Owner: martiniss@chromium.org
Status: Assigned (was: Untriaged)
Sorry, this is semi owned. I've been meaning to do this, but it's non trivial unfortunately, given how the desktop recipes work.

I don't think case has worked on this. I'll assign it to me, and take a look today.
Labels: -Performance-BotHealth Performance-Sheriff-BotHealth
Blocking: 689674
Ping.
Cc: dpranke@chromium.org
Ok, I've given this some thought.

There are a two solutions to this that I can think of:

One is to signal to the chromium recipe somehow that we don't want it to fail the build. Almost like the "can_fail_build" option we had a long time ago. 

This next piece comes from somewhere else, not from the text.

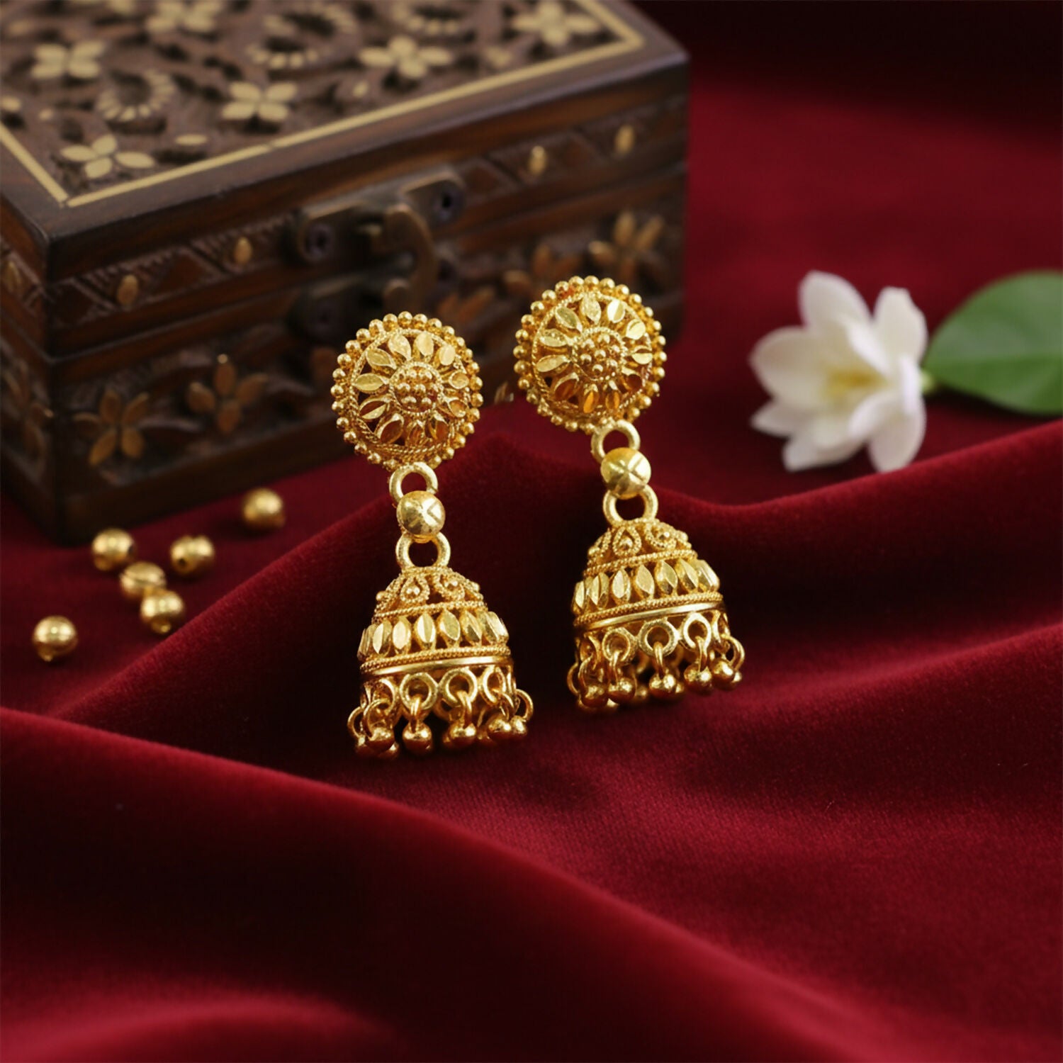 Beautiful Gold Plated Traditional Jhumka Earrings for Women Party Wear

There exists an "ok_ret" argument in recipes already, which could give us this flexibility. We could add something like that to the isolated scripts spec sort of thing, and then that would work. Although ideally we'd set the status to warning, because it isn't good that the reference build is failing, but it's not build failing.
 
The other is to signal to the catapult test runner that we don't want to fail the test when the test is a reference build. I don't like this, because it doesn't really make sense when running it locally myself (like when trying to reproduce).

Dirk, what do you think about option one? I feel like it'd be a lot of plumbing :/
The "ok_ret" option show a warning seems great to me. 

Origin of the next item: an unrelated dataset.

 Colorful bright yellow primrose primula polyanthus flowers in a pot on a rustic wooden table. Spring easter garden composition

I don't support signal the catapult test runner (you meant benchmark runner?) to ignore reference build, because the logic of ignoring the failure of reference build come from the sheriffing workflow. Telemetry as a benchmarking framework should not have opinions about such thing.
I also agree that option one sounds more like the way to go. 

I don't quite think I understand what sort of reference build failures you're hitting and what the effect on the build is. Is this maybe the sort of thing where you could catch StepFailure in your recipe and handle the exceptions you care about, rather than have to plumb things through?
We're using the chromium recipe, and plan to in the future. We have a android/perf recipe, but we're actively trying to get rid of it.

That's why I said we need to add plumbing; we'll need to plumb something through the chromium recipe, AFAIK.
How do you distinguish between running a reference build and a regular build in the recipe now? Can you point me to something in the json files?
https://chromium.googlesource.com/chromium/src/+/master/testing/buildbot/chromium.perf.json#21665 is how we distinguish between reference and non-reference builds. Basically, a name change and an argument change.
Cc: phajdan.jr@chromium.org
Okay. Given that (which is roughly what I expected), I'm not sure I see an alternative other than doing something like adding a "can_fail_build" or "ok_ret" field to the JSON and plumbing support through.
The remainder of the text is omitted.